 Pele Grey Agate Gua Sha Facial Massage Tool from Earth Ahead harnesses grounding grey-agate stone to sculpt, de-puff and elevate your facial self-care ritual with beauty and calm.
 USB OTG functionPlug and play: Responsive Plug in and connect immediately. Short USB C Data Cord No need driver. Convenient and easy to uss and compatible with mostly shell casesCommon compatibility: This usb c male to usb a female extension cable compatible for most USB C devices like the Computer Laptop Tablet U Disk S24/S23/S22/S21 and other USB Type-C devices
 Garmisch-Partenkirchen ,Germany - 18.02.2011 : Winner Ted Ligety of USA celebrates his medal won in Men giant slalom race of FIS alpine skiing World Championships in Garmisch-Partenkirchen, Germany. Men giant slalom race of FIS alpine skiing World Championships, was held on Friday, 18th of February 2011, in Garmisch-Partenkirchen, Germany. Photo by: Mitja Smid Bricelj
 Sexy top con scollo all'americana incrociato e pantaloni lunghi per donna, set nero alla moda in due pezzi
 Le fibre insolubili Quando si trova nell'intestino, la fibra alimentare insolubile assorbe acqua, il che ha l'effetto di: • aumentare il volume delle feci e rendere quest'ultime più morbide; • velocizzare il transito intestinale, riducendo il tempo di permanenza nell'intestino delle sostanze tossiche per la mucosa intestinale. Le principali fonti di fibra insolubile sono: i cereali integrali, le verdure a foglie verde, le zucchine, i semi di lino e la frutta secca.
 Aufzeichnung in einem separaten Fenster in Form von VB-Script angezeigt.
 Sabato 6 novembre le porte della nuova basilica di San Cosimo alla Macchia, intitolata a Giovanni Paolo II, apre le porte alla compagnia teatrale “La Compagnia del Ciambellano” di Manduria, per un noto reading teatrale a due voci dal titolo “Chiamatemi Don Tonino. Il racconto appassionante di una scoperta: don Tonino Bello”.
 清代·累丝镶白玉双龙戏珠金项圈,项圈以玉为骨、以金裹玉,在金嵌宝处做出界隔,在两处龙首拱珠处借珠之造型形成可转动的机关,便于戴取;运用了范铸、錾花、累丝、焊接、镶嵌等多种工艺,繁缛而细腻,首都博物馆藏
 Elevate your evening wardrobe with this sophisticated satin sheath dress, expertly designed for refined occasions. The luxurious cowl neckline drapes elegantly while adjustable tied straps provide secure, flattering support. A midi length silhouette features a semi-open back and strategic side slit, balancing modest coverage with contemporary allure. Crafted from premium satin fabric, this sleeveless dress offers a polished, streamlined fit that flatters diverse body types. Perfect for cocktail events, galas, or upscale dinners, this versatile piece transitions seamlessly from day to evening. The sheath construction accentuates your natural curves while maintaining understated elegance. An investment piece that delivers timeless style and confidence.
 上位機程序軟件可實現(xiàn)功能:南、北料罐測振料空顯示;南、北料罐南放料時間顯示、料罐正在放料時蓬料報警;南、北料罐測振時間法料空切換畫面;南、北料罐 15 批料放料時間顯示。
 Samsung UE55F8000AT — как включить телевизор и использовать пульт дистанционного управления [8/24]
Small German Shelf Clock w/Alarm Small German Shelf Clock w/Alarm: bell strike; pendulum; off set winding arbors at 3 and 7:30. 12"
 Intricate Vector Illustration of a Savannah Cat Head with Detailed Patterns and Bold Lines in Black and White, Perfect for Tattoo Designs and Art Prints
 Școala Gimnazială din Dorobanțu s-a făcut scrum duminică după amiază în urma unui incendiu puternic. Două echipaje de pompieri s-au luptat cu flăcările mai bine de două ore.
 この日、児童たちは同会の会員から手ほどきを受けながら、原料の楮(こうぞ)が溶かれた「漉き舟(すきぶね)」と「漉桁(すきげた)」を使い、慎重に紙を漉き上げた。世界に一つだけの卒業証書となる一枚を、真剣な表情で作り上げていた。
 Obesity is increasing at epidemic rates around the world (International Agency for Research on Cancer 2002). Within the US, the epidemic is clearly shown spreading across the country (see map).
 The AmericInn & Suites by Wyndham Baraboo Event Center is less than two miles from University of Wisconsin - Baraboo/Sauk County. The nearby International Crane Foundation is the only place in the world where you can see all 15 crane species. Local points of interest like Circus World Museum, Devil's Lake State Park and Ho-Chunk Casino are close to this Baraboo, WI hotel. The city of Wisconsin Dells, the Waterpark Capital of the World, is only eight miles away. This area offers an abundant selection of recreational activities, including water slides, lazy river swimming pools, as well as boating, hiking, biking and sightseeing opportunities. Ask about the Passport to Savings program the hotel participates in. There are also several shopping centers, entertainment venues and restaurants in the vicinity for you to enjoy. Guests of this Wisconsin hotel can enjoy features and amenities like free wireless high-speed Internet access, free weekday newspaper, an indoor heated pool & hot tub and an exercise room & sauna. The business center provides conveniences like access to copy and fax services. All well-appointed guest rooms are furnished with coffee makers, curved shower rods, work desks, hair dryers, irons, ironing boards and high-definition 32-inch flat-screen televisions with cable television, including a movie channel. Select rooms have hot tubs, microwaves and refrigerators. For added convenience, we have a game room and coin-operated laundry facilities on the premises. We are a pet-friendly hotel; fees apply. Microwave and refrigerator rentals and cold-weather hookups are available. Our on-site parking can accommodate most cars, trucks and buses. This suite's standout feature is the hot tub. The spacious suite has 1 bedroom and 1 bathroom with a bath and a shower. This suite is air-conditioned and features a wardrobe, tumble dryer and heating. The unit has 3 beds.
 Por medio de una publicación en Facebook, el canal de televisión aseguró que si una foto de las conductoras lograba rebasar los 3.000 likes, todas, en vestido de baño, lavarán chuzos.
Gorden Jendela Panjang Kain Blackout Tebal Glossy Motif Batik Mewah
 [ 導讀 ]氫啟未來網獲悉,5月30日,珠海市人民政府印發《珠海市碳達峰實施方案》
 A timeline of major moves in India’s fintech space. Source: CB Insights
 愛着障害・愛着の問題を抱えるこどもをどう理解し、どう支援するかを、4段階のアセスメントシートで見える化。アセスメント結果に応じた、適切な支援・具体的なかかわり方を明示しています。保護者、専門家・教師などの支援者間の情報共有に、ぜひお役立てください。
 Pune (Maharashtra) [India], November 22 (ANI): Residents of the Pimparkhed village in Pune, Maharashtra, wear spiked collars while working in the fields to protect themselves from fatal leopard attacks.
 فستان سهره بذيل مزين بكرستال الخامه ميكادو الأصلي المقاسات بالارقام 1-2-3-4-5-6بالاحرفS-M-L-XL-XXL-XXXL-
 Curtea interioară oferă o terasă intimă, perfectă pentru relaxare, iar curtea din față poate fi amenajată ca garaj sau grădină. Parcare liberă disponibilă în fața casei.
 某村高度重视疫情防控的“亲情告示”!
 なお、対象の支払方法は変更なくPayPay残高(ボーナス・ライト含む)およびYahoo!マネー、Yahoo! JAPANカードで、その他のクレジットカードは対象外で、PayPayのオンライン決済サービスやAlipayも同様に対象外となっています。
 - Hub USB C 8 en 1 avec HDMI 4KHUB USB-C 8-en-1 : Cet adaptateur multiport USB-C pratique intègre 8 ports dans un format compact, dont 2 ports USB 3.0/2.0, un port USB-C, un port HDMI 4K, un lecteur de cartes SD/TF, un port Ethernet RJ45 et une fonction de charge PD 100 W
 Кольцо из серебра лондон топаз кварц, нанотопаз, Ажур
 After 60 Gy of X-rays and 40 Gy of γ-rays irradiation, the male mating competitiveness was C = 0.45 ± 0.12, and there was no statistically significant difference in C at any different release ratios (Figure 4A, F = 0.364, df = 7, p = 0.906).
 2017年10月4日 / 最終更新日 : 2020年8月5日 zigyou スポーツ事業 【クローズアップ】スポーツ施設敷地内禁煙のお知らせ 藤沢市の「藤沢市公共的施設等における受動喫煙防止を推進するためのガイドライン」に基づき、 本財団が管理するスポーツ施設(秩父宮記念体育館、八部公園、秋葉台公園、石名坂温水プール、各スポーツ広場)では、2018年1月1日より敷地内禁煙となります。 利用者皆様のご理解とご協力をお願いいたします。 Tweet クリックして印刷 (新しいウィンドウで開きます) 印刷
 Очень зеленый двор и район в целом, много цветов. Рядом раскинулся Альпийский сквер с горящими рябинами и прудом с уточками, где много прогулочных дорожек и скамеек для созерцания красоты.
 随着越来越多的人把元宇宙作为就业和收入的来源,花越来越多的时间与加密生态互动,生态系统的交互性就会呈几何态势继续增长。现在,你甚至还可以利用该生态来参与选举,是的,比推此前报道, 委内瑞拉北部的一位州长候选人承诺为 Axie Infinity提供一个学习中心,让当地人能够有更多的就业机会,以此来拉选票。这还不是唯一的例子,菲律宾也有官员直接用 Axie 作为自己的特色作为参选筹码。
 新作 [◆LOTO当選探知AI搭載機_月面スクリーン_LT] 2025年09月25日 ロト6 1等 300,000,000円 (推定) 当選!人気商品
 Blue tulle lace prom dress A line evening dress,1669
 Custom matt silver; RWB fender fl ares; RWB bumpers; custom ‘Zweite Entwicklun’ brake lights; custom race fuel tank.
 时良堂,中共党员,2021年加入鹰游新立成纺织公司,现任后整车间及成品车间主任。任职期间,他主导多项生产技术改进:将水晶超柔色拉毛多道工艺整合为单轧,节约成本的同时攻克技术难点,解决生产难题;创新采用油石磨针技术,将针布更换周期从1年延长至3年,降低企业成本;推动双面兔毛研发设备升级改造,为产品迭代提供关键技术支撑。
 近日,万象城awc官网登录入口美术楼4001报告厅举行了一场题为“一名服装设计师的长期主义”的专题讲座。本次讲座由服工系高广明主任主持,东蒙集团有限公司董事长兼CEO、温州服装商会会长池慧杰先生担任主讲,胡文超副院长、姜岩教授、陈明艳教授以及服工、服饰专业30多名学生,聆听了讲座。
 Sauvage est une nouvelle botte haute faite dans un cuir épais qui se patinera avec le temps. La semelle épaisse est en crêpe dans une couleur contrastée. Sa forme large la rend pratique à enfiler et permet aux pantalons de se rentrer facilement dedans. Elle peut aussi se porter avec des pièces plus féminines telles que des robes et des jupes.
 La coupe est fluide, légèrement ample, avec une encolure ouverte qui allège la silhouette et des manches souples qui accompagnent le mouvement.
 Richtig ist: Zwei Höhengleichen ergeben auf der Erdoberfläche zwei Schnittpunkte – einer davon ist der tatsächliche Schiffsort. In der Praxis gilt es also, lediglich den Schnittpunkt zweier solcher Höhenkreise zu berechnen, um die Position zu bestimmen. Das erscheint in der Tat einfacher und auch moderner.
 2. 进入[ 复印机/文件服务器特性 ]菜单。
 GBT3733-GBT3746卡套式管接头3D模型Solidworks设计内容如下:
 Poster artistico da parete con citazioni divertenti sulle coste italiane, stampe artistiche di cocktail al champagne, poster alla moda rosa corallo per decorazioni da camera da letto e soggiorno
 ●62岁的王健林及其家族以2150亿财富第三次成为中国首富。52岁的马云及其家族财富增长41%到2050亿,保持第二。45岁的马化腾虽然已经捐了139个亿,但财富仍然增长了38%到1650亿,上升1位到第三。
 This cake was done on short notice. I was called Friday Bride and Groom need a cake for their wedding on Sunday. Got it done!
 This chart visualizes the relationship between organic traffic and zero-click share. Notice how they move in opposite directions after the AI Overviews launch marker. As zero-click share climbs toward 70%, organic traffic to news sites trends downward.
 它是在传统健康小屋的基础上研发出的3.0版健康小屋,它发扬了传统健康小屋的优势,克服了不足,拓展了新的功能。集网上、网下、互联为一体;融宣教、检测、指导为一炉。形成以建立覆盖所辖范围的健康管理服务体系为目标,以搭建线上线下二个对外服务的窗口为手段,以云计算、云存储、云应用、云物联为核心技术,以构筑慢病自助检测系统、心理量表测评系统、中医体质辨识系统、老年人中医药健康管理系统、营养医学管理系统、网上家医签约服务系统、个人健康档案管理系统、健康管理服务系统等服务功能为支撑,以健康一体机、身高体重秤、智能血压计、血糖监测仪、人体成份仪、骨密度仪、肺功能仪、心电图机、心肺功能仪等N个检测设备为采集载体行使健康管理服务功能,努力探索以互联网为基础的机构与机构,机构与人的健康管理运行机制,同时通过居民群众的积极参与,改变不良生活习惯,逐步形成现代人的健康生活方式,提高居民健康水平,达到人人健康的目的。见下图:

——

Return, word for word, the lines of the data above from the line with "Blue tulle lace" through the line with "GBT3733-GBT374", inclusive.

### Task solution
 Blue tulle lace prom dress A line evening dress,1669
 Custom matt silver; RWB fender fl ares; RWB bumpers; custom ‘Zweite Entwicklun’ brake lights; custom race fuel tank.
 时良堂,中共党员,2021年加入鹰游新立成纺织公司,现任后整车间及成品车间主任。任职期间,他主导多项生产技术改进:将水晶超柔色拉毛多道工艺整合为单轧,节约成本的同时攻克技术难点,解决生产难题;创新采用油石磨针技术,将针布更换周期从1年延长至3年,降低企业成本;推动双面兔毛研发设备升级改造,为产品迭代提供关键技术支撑。
 近日,万象城awc官网登录入口美术楼4001报告厅举行了一场题为“一名服装设计师的长期主义”的专题讲座。本次讲座由服工系高广明主任主持,东蒙集团有限公司董事长兼CEO、温州服装商会会长池慧杰先生担任主讲,胡文超副院长、姜岩教授、陈明艳教授以及服工、服饰专业30多名学生,聆听了讲座。
 Sauvage est une nouvelle botte haute faite dans un cuir épais qui se patinera avec le temps. La semelle épaisse est en crêpe dans une couleur contrastée. Sa forme large la rend pratique à enfiler et permet aux pantalons de se rentrer facilement dedans. Elle peut aussi se porter avec des pièces plus féminines telles que des robes et des jupes.
 La coupe est fluide, légèrement ample, avec une encolure ouverte qui allège la silhouette et des manches souples qui accompagnent le mouvement.
 Richtig ist: Zwei Höhengleichen ergeben auf der Erdoberfläche zwei Schnittpunkte – einer davon ist der tatsächliche Schiffsort. In der Praxis gilt es also, lediglich den Schnittpunkt zweier solcher Höhenkreise zu berechnen, um die Position zu bestimmen. Das erscheint in der Tat einfacher und auch moderner.
 2. 进入[ 复印机/文件服务器特性 ]菜单。
 GBT3733-GBT3746卡套式管接头3D模型Solidworks设计内容如下:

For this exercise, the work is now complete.